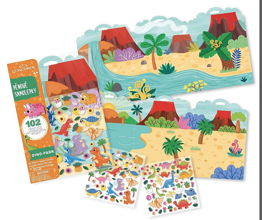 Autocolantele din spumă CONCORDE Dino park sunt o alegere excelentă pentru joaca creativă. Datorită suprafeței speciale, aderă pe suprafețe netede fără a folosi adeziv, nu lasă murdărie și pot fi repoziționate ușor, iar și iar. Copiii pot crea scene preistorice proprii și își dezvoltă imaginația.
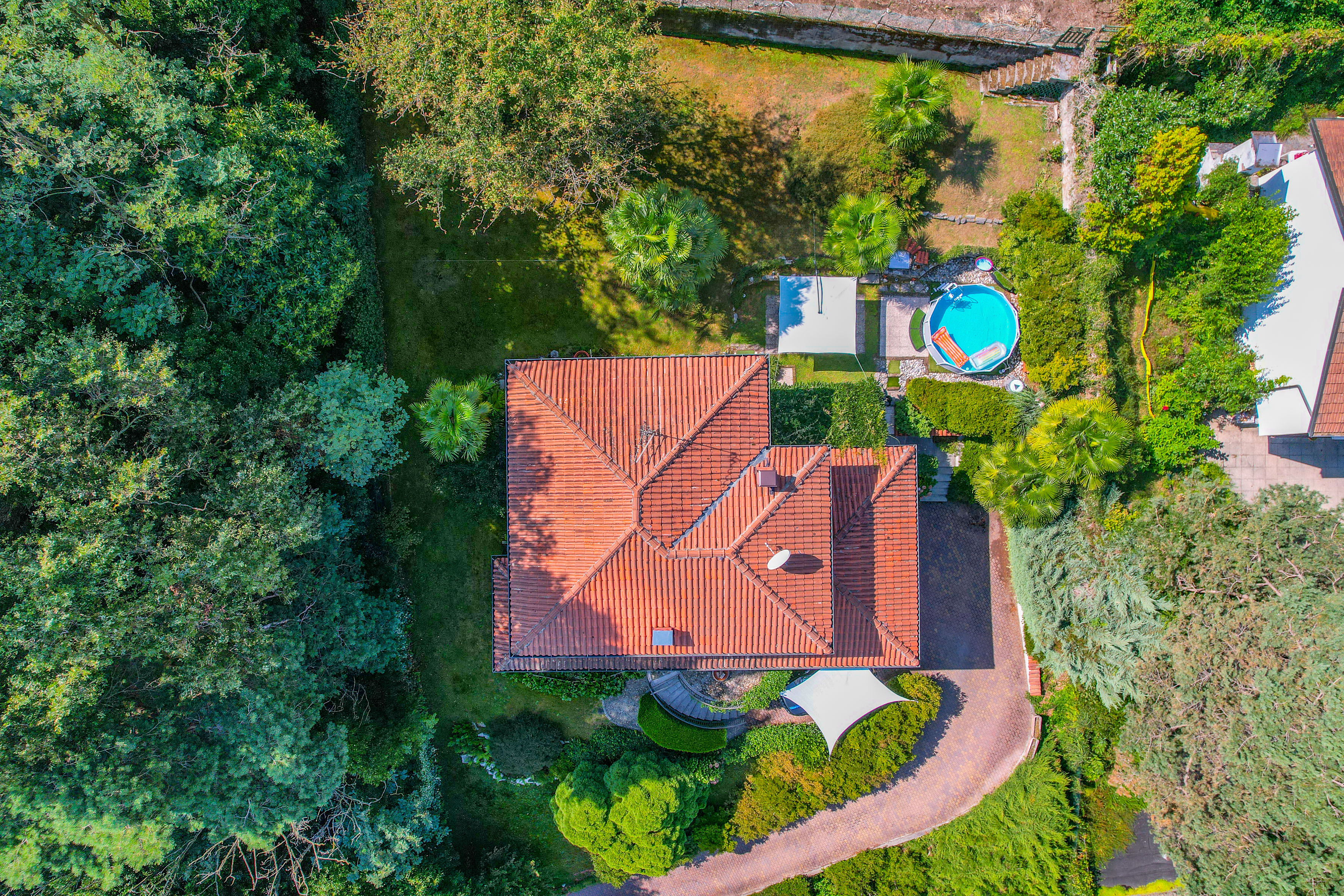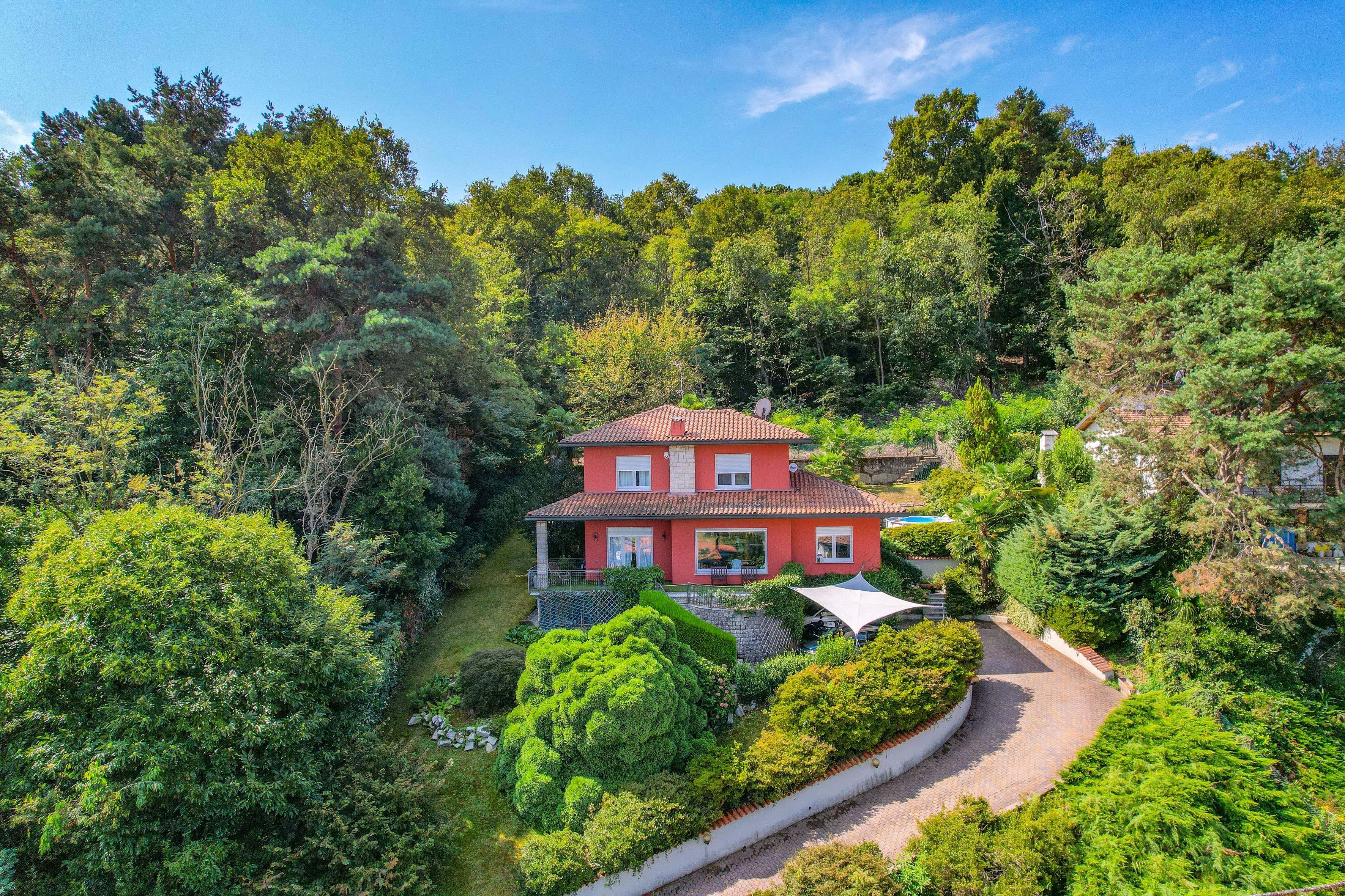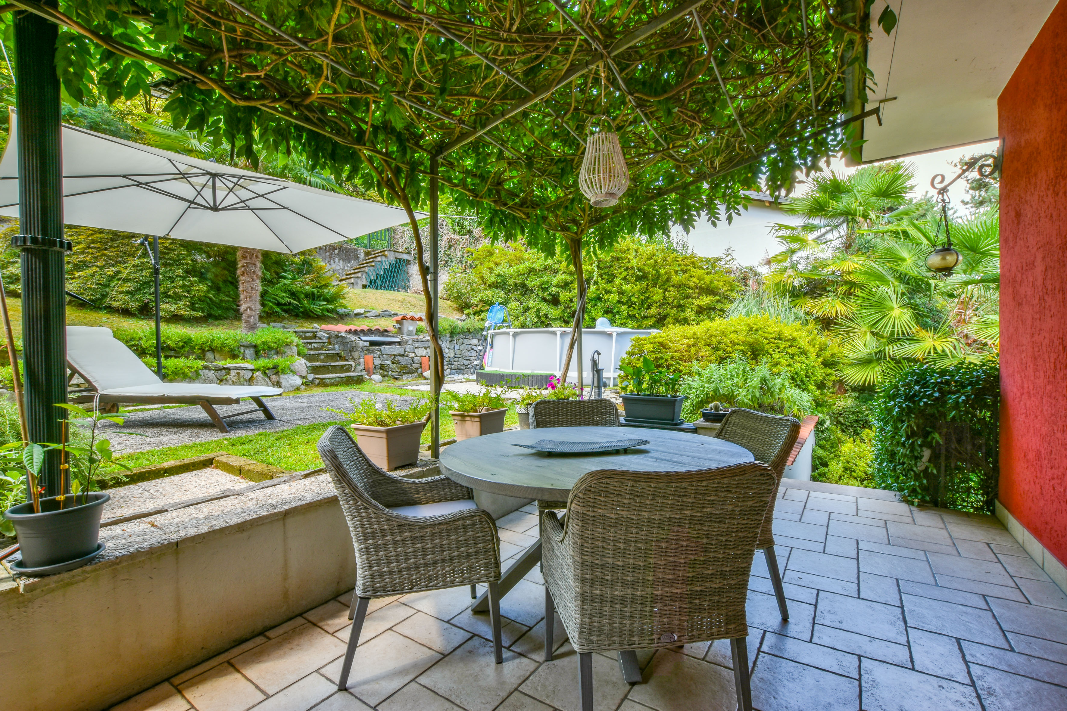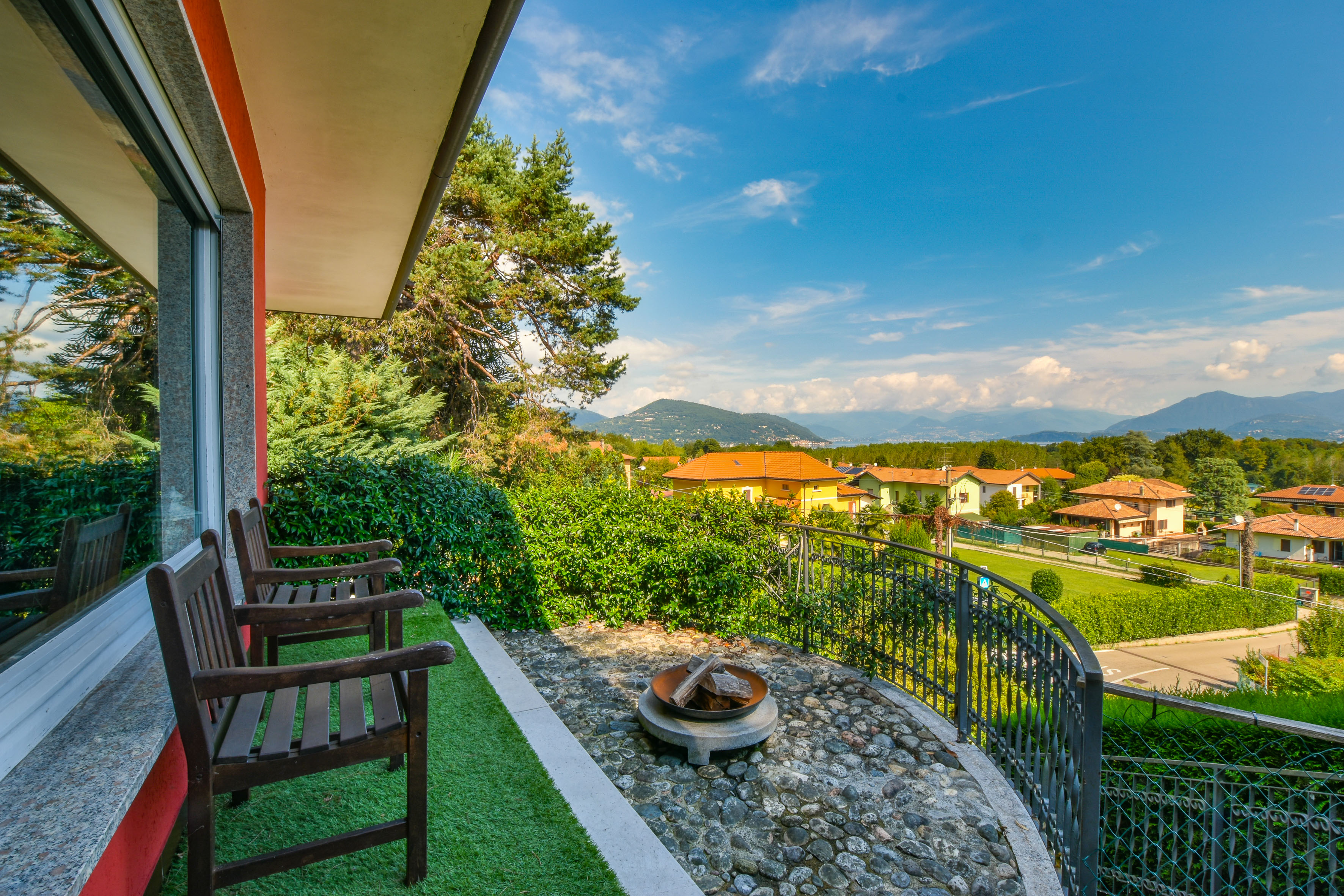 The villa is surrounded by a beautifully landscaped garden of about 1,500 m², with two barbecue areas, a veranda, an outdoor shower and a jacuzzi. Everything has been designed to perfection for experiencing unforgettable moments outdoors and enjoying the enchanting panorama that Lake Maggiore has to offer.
==
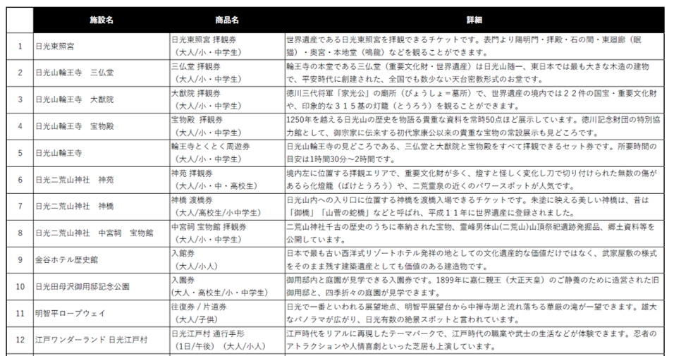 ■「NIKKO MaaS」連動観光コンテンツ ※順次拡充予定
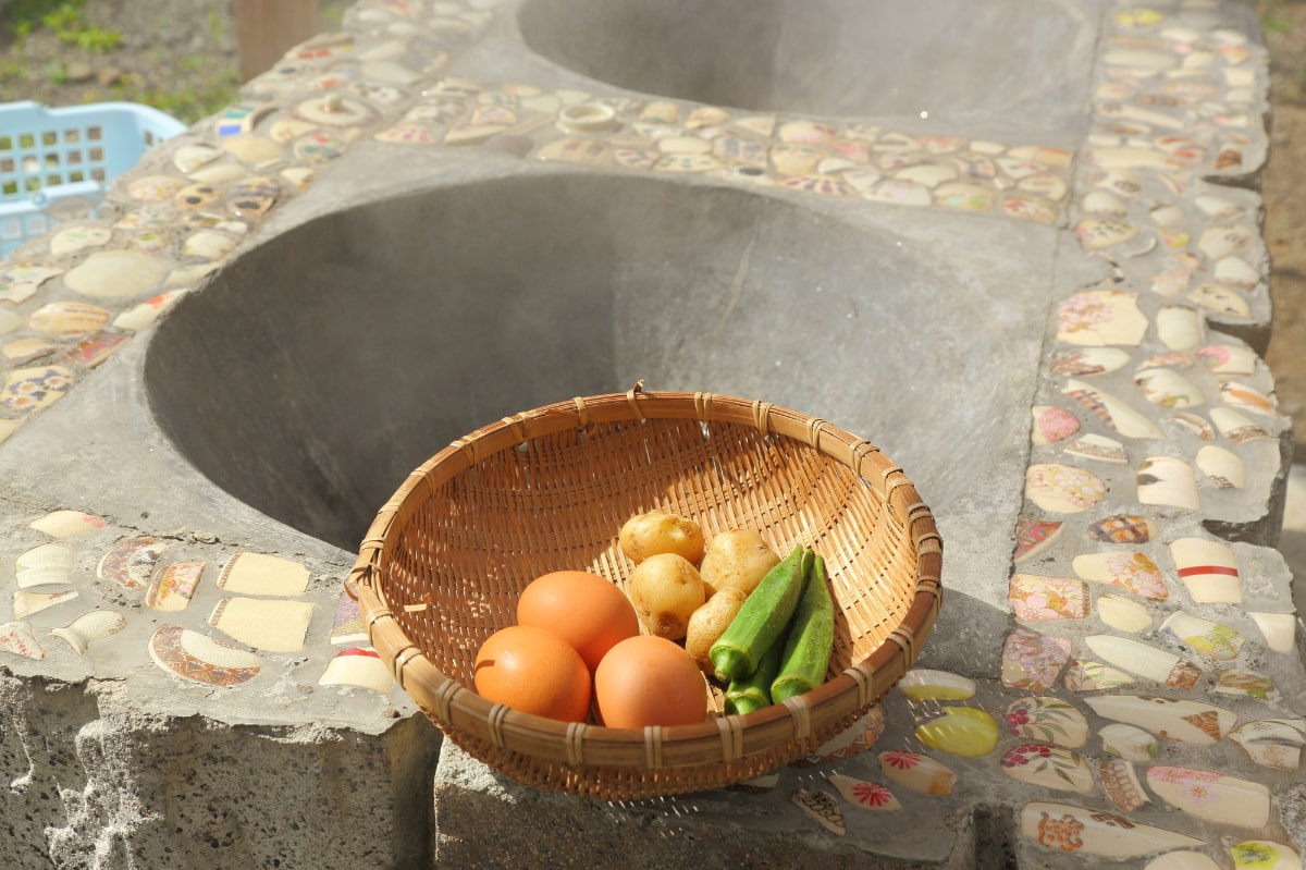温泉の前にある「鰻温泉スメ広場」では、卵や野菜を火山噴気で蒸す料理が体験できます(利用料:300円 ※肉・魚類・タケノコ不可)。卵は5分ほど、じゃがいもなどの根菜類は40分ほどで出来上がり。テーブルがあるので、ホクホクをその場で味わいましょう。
--
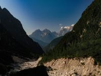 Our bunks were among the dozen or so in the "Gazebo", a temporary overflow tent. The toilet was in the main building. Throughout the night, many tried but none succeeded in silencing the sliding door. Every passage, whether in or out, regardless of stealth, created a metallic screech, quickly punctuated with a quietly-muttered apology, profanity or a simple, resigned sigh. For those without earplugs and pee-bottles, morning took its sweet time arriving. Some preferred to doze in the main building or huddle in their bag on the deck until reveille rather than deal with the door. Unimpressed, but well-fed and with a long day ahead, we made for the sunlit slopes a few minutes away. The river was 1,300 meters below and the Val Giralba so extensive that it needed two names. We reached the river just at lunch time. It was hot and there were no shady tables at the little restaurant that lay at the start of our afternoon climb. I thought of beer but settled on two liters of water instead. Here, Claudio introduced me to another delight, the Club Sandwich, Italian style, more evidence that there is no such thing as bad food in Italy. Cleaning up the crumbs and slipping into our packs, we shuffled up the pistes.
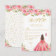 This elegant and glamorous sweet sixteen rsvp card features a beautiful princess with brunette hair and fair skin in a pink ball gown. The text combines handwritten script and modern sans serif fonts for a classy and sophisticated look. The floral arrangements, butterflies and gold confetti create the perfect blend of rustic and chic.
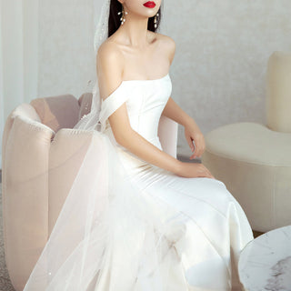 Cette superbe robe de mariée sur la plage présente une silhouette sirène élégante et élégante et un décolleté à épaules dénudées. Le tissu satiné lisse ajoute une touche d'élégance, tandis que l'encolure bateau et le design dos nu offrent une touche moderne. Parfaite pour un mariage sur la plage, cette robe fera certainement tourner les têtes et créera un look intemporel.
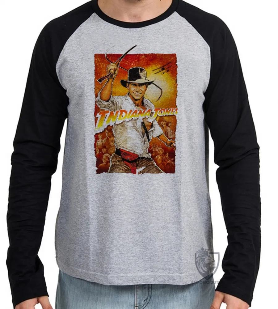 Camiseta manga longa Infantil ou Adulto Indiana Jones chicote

### TASK
Retype, exactly and with no pictures, everything above from the line with "Autocolantele din spumă" down to the line with "The villa is", both included.

### RESULT BELOW
 Autocolantele din spumă CONCORDE Dino park sunt o alegere excelentă pentru joaca creativă. Datorită suprafeței speciale, aderă pe suprafețe netede fără a folosi adeziv, nu lasă murdărie și pot fi repoziționate ușor, iar și iar. Copiii pot crea scene preistorice proprii și își dezvoltă imaginația.
 The villa is surrounded by a beautifully landscaped garden of about 1,500 m², with two barbecue areas, a veranda, an outdoor shower and a jacuzzi. Everything has been designed to perfection for experiencing unforgettable moments outdoors and enjoying the enchanting panorama that Lake Maggiore has to offer.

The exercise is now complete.